──────── Exercise data

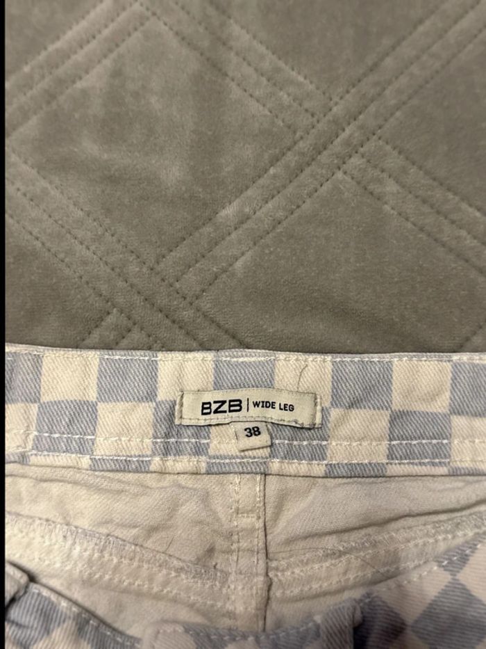 Jean wide leg à carreaux bleu et blanc - bizzbee - taille 38 - très bon état - photo numéro 3
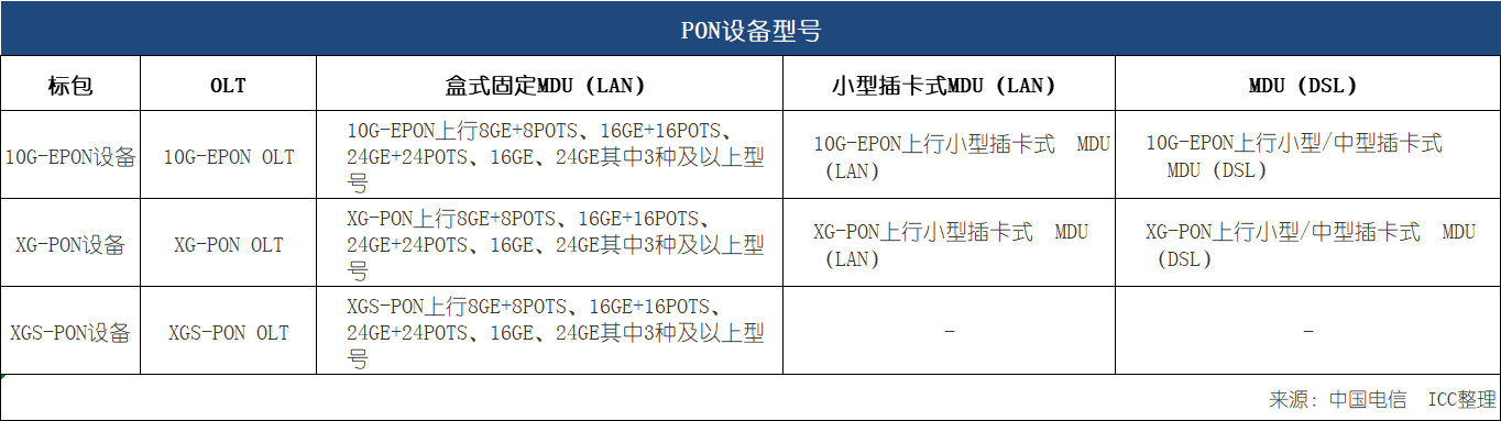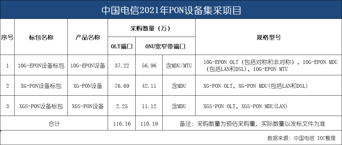 ICC訊(編輯:Aiur) 5月21日,中國電信發(fā)布PON設備(2021年)集中采購項目10G-EPON/XG-PON/XGS-PON標包資格預審公告,計劃采購10G-EPON/XG-PON/XGS-PON OLT端口設備和ONU寬窄帶端口設備,傳統(tǒng)GPON/EPON設備采購量為零。
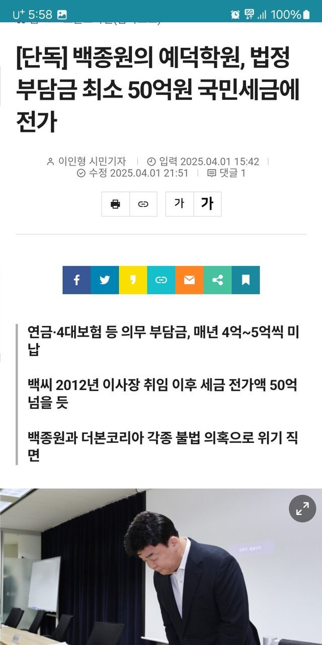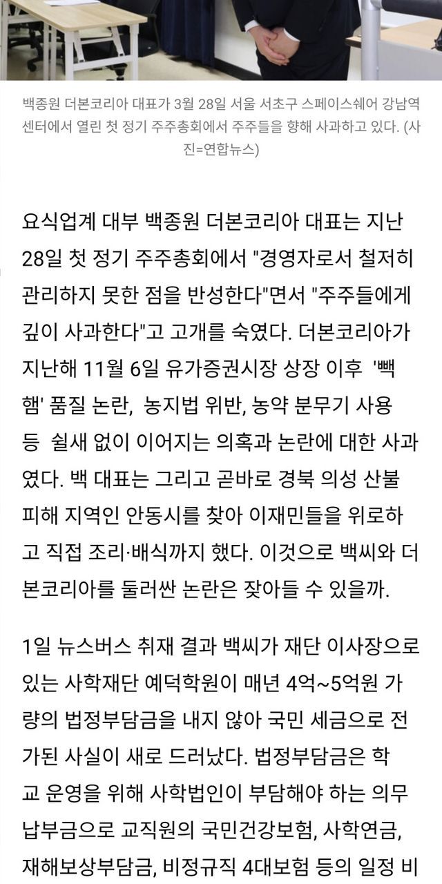 사립학원 특성상 학원에 대한 운영비를 백종원이 지급하지 않고 그 금액을 국민 세금으로 충당하고 있었고 그 금액이 무려 최소 50억 이상이라고 함

────────────────

* **To do**
In the copy, include no pictures; everything else in the material should be written out exactly.

* **Solution to this problem**
 Jean wide leg à carreaux bleu et blanc - bizzbee - taille 38 - très bon état - photo numéro 3
 ICC訊(編輯:Aiur) 5月21日,中國電信發(fā)布PON設備(2021年)集中采購項目10G-EPON/XG-PON/XGS-PON標包資格預審公告,計劃采購10G-EPON/XG-PON/XGS-PON OLT端口設備和ONU寬窄帶端口設備,傳統(tǒng)GPON/EPON設備采購量為零。
 사립학원 특성상 학원에 대한 운영비를 백종원이 지급하지 않고 그 금액을 국민 세금으로 충당하고 있었고 그 금액이 무려 최소 50억 이상이라고 함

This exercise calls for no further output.